Ultima domanda del questionario di autovalutazione COVID-19 VS SALUTE (diffuso dal 26 al 31 marzo 2020)..

La scelta di proporre una domanda aperta alla fine del questionario, ci ha consentito di indagare sui bisogni della popolazione nel contesto di emergenza COVID-19.

Il concetto di bisogno (mancanza di qualcosa che sia indispensabile o anche solo opportuna, o di cui si senta il desiderio) è strettamente interconnesso con la motivazione che indica il movimento e la spinta verso qualcosa che diventa motivo del nostro agire e del nostro comportamento (dal latino “motus”).

Cos’è che ci spinge, che ci muove verso la realizzazione se non la sostanza stessa dei bisogni? I nostri bisogni generano un movimento atto al raggiungimento della soddisfazione del bisogno stesso.

La motivazione ci consente di modificare il nostro comportamento verso una direzione che può essere più o meno consapevole. E’ quell’elemento che permette di allenarci costantemente per raggiungere un obiettivo sportivo; di dedicare buona parte della giornata allo studio per ottenere un buon voto o per arricchire la nostra conoscenza; di alzarci la mattina per andare a lavorare; di metterci costantemente in discussione per essere buoni genitori; ecc..

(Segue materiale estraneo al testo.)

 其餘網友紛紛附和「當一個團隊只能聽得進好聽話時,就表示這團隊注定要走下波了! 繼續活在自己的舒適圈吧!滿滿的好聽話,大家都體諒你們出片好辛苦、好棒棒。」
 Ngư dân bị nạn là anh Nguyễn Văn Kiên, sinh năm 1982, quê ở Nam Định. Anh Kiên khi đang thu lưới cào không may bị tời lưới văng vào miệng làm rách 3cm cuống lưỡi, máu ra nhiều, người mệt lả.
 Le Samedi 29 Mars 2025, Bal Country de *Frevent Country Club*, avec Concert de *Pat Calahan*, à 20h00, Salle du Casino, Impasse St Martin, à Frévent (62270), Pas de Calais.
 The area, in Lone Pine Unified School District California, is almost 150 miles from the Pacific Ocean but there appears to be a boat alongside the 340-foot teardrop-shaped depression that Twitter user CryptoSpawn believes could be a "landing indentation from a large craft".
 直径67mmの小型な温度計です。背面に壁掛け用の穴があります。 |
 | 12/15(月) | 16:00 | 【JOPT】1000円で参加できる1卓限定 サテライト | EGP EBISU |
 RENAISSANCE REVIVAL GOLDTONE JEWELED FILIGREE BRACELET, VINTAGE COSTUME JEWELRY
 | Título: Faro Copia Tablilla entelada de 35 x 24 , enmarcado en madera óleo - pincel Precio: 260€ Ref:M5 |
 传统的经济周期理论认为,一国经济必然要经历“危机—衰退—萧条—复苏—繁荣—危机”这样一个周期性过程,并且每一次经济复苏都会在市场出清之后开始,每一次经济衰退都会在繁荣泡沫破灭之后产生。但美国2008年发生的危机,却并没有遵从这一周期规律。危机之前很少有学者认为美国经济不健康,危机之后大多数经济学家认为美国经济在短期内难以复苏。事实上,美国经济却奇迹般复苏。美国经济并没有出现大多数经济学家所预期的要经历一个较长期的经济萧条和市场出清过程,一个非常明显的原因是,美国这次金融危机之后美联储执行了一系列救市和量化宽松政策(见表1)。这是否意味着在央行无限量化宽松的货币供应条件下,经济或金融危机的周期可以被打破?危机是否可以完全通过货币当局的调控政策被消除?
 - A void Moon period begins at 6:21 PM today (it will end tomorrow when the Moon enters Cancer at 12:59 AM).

Il bisogno ci attiva, la motivazione genera il movimento che spinge all’azione. Raggiunta la gratificazione aumentiamo la nostra motivazione modificando, in itinere, i nostri bisogni. Questo processo circolare è strettamente collegato alla formazione e all’evoluzione personale.

Una definizione chiara ed esaustiva di Motivazione, Bisogni e Personalità ci è stata fornita da un grande maestro della psicologia: Abraham Maslow (1943).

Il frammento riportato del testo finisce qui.